[Entries taken from a collection]

========================================

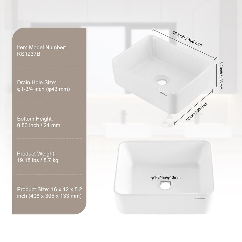 • Ceramic Material: Our vessel sink is made from thickened ceramic material, offering a robust and scratch-resistant surface that prevents damage and resists cracking. It withstands sudden temperature changes without issue. The smooth, glossy glaze is easy to clean and maintains its fresh appearance over time.
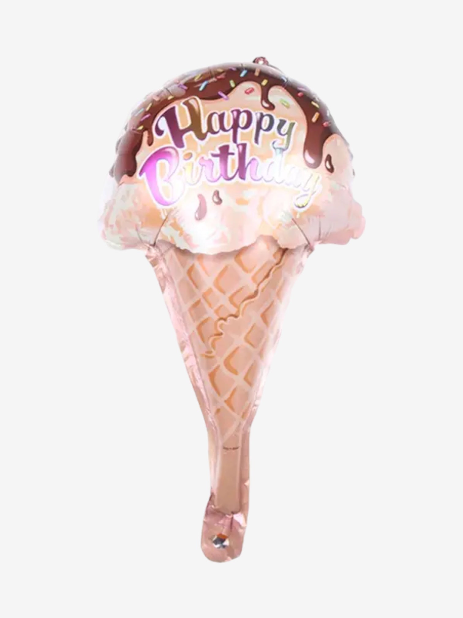 đŠ Fira en speciell födelsedag med denna festliga folieballong formad som en glasstrut med strössel. Dekorerad med texten "Happy Birthday", gör denna ballong varje födelsedagsfirande extra glĂ€djefyllt och fĂ€rgrikt.
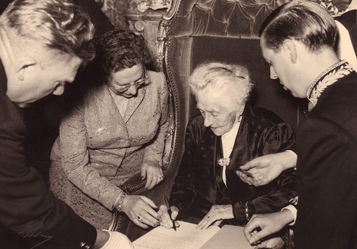 Formaat : 13 x 18cm. - De 100-jarige Mathilde Desmet tekent het gulden boek van de stad onder het oog van schepen Jan Piers.
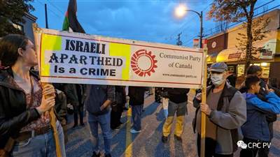 加拿大共产党与巴勒斯坦人民站在一起,抵制犹太复国主义,反对美国、加拿大以及欧洲帝国主义,以色列政府在这场战争中犯下了罪行,包括以色列平民也付出了代价,犹太复国主义的罪行必须得到清算,并且必须结束这场种族灭绝,作为通往和平之路的第一步。
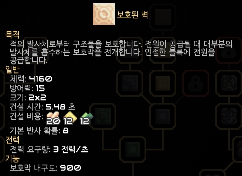 세르플로 행성의 메타 벽처럼 생긴 보호된 벽은, 해금은 됐으나 메타가 없어 연구하지 못했습니다. 전력이 필요한 방어 벽이며, 900만큼의 발사체를 흡수하는 보호막 기능이 있다고 합니다. 인접한 블록에 전원을 공급하는 기능도 있네요.
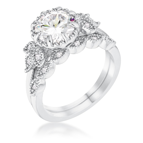 2.25Ct Rhodium Plated Round Cut CZ Trio Laurel Leaf Engagement Set
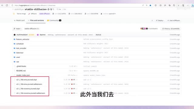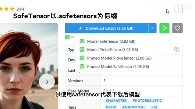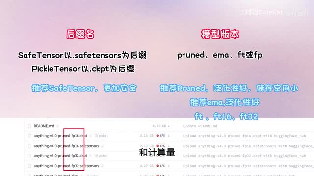 这里还要再学习几个专业名词。我们点击c c t模型的下载按钮后,有时候会看到模型提供了多个版本供使用。safe tensor代表下载后模型以safe tensor为后缀。pick tensor代表下载后,模型以c k p t为后缀。
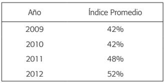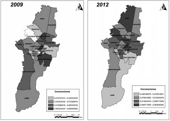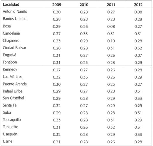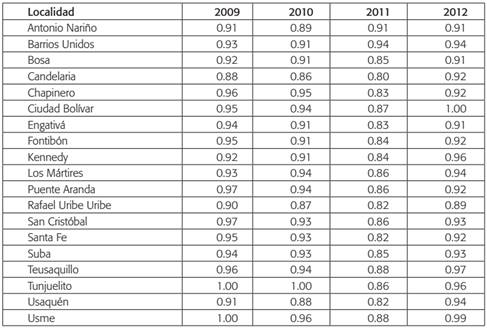 El resultado del índice de Gestión se deriva de una capacidad administrativa en promedio del 91%, pero un débil desempeño fiscal del 28% en promedio, por falta de autonomía. Cabe resaltar las localidades que tuvieron mejor desempeño en el índice de Gestión en el año 2009: Kennedy, Barrios Unidos, Los Mártires y San Cristóbal, quienes presentaron un índice de Gestión superior al promedio (62,3%). Las localidades de Engativá y Antonio Nariño tuvieron los peores índices para este mismo año. Para el año 2010 quienes se destacaron fueron; Usaquén y Bosa. En el 2011 las localidades de Ciudad Bolívar, Los Mártires, Tunjuelito, Puente Aranda y Santa Fe se destacaron con índices mayores al promedio (55,7%). En el año 2012, 11 de las 19 localidades estuvieron en niveles mayores al 60%, resultados superiores al índice promedio de Gestión para este mismo año (figura 2).
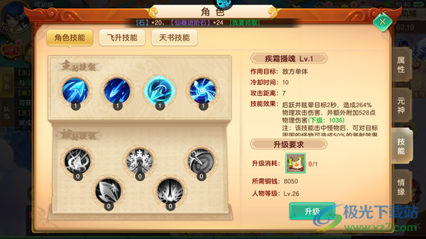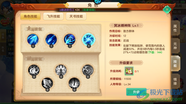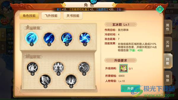 1、玄冰箭:对身前扇形区域的敌人造成210%物理攻击伤害,并额外附加214点物理伤害,技能伤害随等级提高而提高。
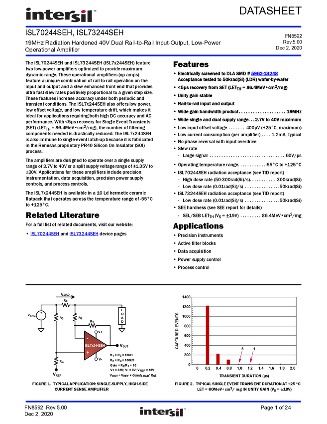 ISL70244SEHX/SAMPLE 19MHz Radiation Hardened 40V Dual Rail-to-Rail Input-Output, Low-power Oper...
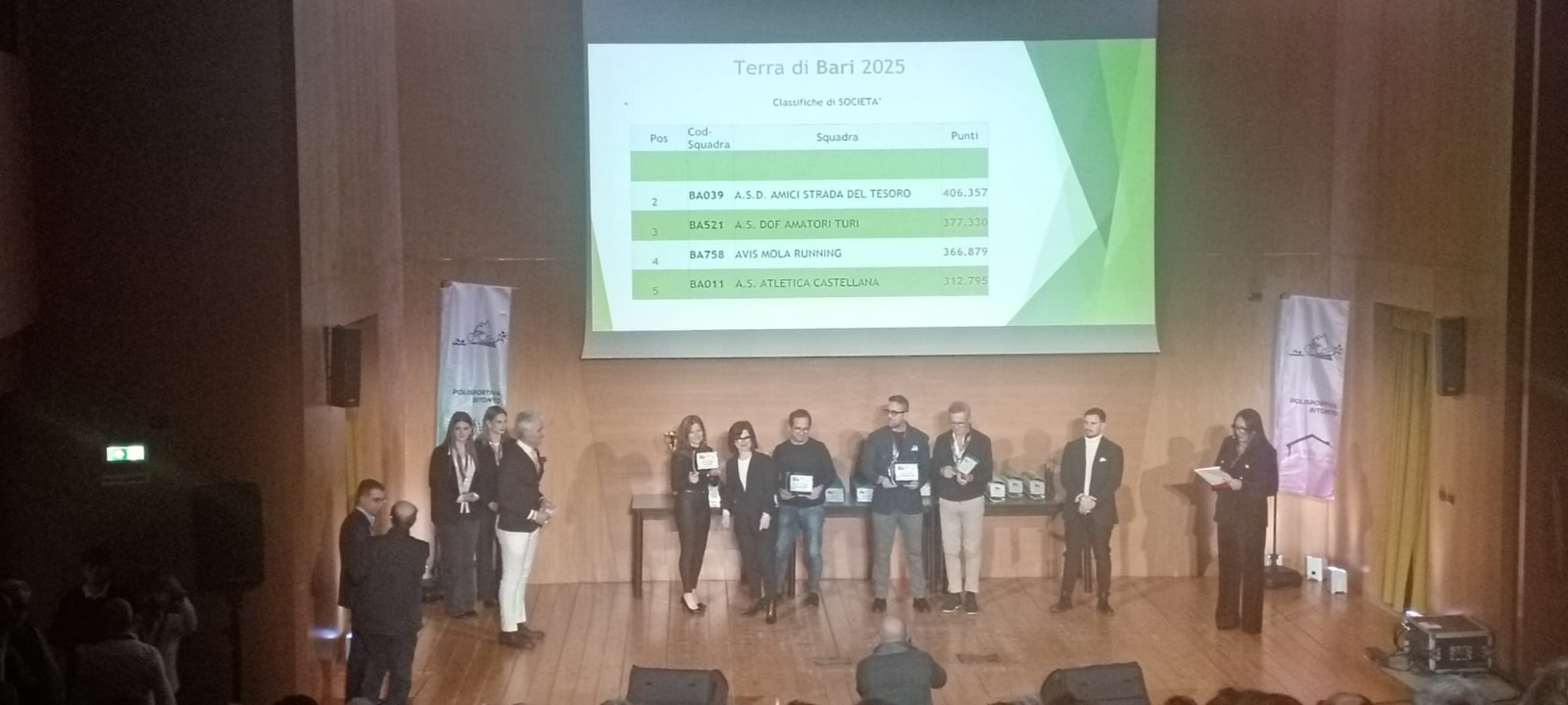 La società ha chiuso il campionato con un prestigioso quinto posto nella classifica generale, risultato che premia la partecipazione e la qualità delle prestazioni dei suoi podisti. Importante anche il riconoscimento ottenuto dal Trofeo Grotte, tappa castellanese del circuito, classificatosi quarto nella graduatoria dedicata all’organizzazione delle gare. «Un risultato che conferma la serietà e la passione con cui lavoriamo», ha commentato il presidente Vincenzo Miccolis, ricordando anche il lavoro svolto negli anni precedenti.

========================================

Nothing but the lines above, starting at the line that contains "Formaat : 13" and ending at the line that contains "ISL70244SEHX/SAMPLE 19MHz Radiation", should be given again, exactly and without the pictures.

◆ **REPLY TO THE EXERCISE**:
 Formaat : 13 x 18cm. - De 100-jarige Mathilde Desmet tekent het gulden boek van de stad onder het oog van schepen Jan Piers.
 加拿大共产党与巴勒斯坦人民站在一起,抵制犹太复国主义,反对美国、加拿大以及欧洲帝国主义,以色列政府在这场战争中犯下了罪行,包括以色列平民也付出了代价,犹太复国主义的罪行必须得到清算,并且必须结束这场种族灭绝,作为通往和平之路的第一步。
 세르플로 행성의 메타 벽처럼 생긴 보호된 벽은, 해금은 됐으나 메타가 없어 연구하지 못했습니다. 전력이 필요한 방어 벽이며, 900만큼의 발사체를 흡수하는 보호막 기능이 있다고 합니다. 인접한 블록에 전원을 공급하는 기능도 있네요.
 2.25Ct Rhodium Plated Round Cut CZ Trio Laurel Leaf Engagement Set
 这里还要再学习几个专业名词。我们点击c c t模型的下载按钮后,有时候会看到模型提供了多个版本供使用。safe tensor代表下载后模型以safe tensor为后缀。pick tensor代表下载后,模型以c k p t为后缀。
 El resultado del índice de Gestión se deriva de una capacidad administrativa en promedio del 91%, pero un débil desempeño fiscal del 28% en promedio, por falta de autonomía. Cabe resaltar las localidades que tuvieron mejor desempeño en el índice de Gestión en el año 2009: Kennedy, Barrios Unidos, Los Mártires y San Cristóbal, quienes presentaron un índice de Gestión superior al promedio (62,3%). Las localidades de Engativá y Antonio Nariño tuvieron los peores índices para este mismo año. Para el año 2010 quienes se destacaron fueron; Usaquén y Bosa. En el 2011 las localidades de Ciudad Bolívar, Los Mártires, Tunjuelito, Puente Aranda y Santa Fe se destacaron con índices mayores al promedio (55,7%). En el año 2012, 11 de las 19 localidades estuvieron en niveles mayores al 60%, resultados superiores al índice promedio de Gestión para este mismo año (figura 2).
 1、玄冰箭:对身前扇形区域的敌人造成210%物理攻击伤害,并额外附加214点物理伤害,技能伤害随等级提高而提高。
 ISL70244SEHX/SAMPLE 19MHz Radiation Hardened 40V Dual Rail-to-Rail Input-Output, Low-power Oper...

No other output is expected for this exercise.